-- Data in this exercise --
-----

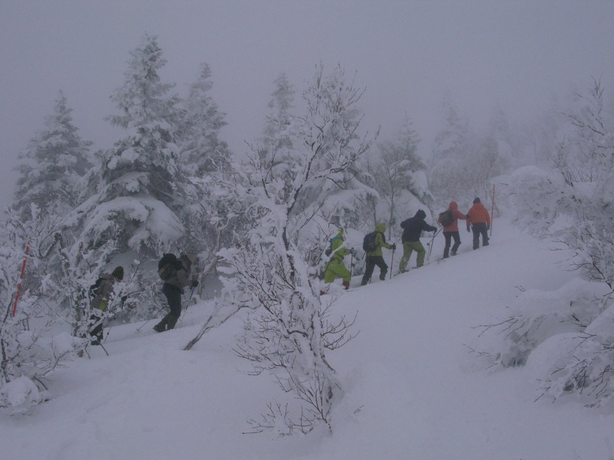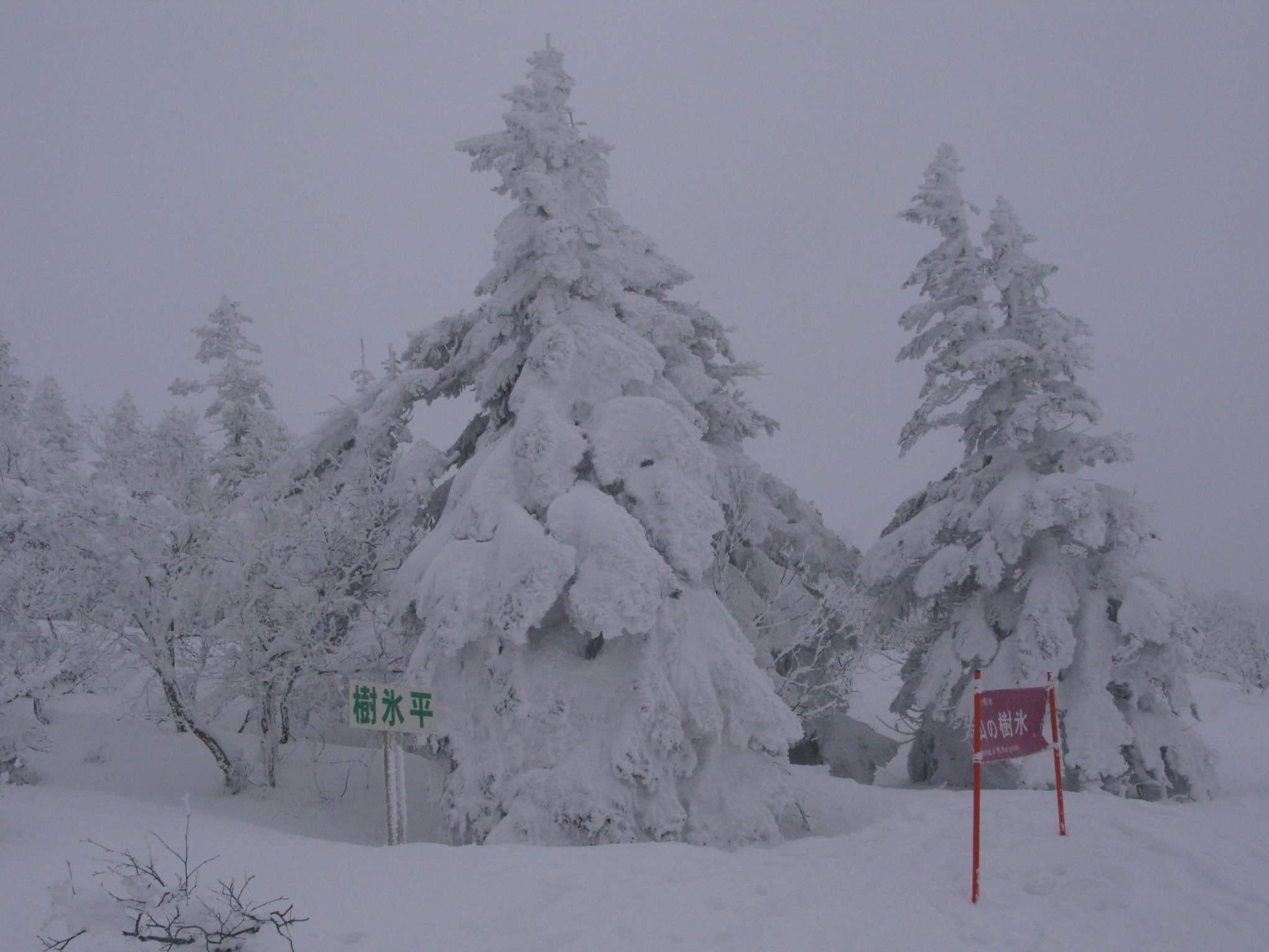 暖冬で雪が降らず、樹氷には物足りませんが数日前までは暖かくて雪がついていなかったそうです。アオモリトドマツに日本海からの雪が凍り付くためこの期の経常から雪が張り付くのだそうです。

-----

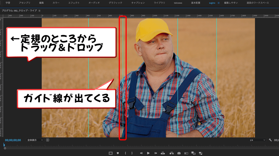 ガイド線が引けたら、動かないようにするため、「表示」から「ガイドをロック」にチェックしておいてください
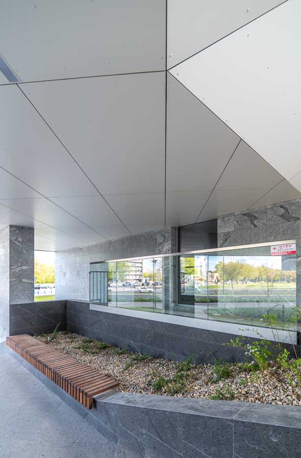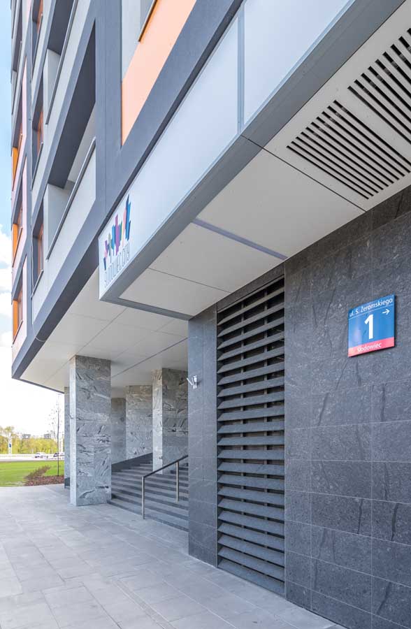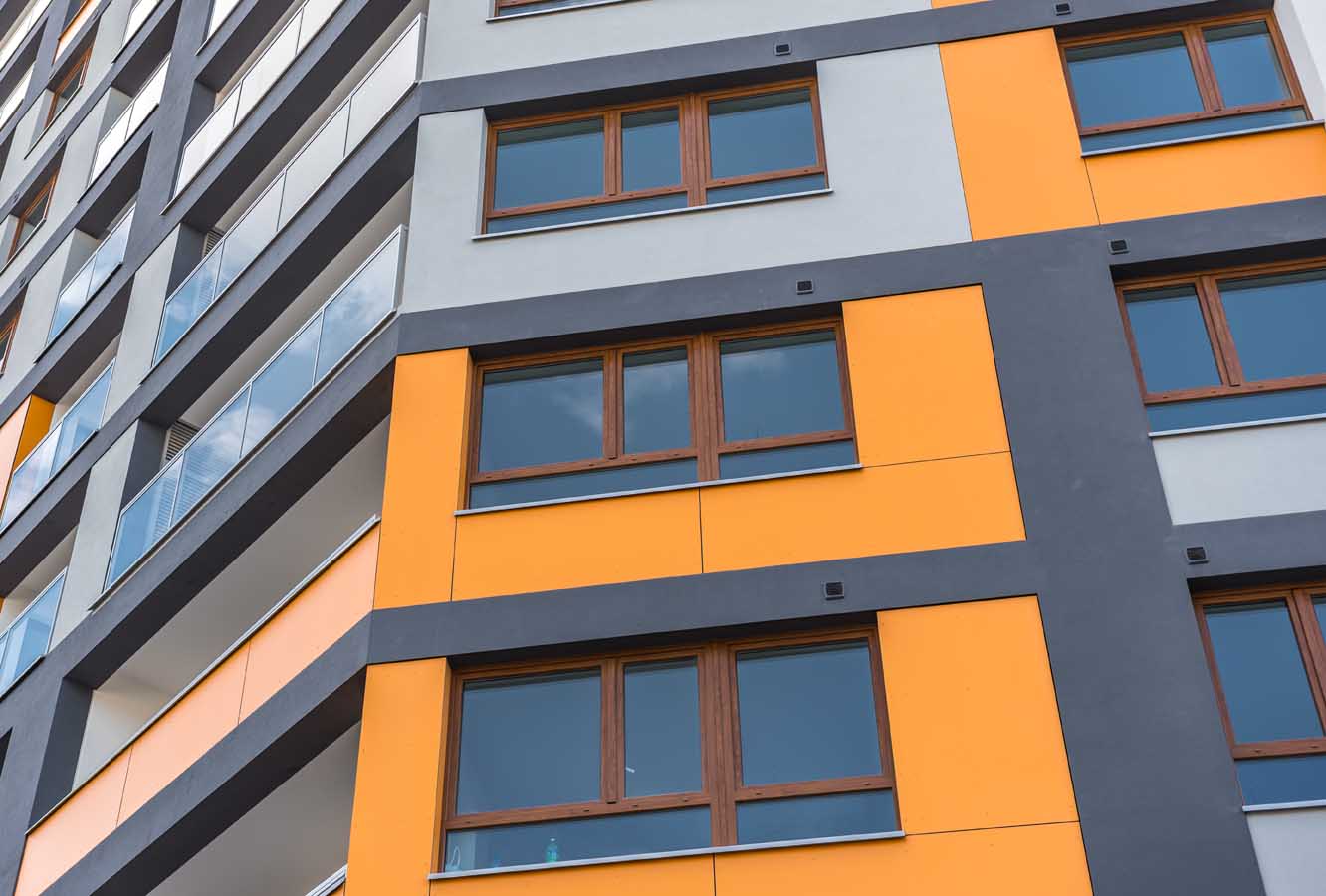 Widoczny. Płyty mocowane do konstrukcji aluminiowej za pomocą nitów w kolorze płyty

-----

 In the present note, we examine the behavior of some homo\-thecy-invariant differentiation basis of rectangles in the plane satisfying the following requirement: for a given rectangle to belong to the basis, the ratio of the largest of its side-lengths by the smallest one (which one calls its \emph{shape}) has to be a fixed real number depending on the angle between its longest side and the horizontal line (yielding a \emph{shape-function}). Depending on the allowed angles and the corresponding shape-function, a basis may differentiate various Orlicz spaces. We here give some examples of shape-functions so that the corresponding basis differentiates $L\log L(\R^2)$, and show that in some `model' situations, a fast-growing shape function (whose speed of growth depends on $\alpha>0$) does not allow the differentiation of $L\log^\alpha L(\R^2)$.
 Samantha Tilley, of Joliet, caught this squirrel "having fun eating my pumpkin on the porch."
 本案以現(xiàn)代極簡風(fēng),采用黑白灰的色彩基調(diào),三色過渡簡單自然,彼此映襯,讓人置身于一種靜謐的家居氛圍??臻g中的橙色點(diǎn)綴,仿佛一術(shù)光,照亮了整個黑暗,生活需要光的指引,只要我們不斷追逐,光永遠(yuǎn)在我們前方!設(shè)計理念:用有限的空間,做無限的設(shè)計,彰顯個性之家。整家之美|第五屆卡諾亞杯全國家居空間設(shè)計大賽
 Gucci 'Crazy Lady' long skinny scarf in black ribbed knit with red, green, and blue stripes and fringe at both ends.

-----

-- Action item --
Here the output must be the lines above from the line with "本案以現(xiàn)代極簡風" to the line with "Gucci 'Crazy Lady'", both included, duplicated word for word and nothing else.

-- Task output --
 本案以現(xiàn)代極簡風(fēng),采用黑白灰的色彩基調(diào),三色過渡簡單自然,彼此映襯,讓人置身于一種靜謐的家居氛圍??臻g中的橙色點(diǎn)綴,仿佛一術(shù)光,照亮了整個黑暗,生活需要光的指引,只要我們不斷追逐,光永遠(yuǎn)在我們前方!設(shè)計理念:用有限的空間,做無限的設(shè)計,彰顯個性之家。整家之美|第五屆卡諾亞杯全國家居空間設(shè)計大賽
 Gucci 'Crazy Lady' long skinny scarf in black ribbed knit with red, green, and blue stripes and fringe at both ends.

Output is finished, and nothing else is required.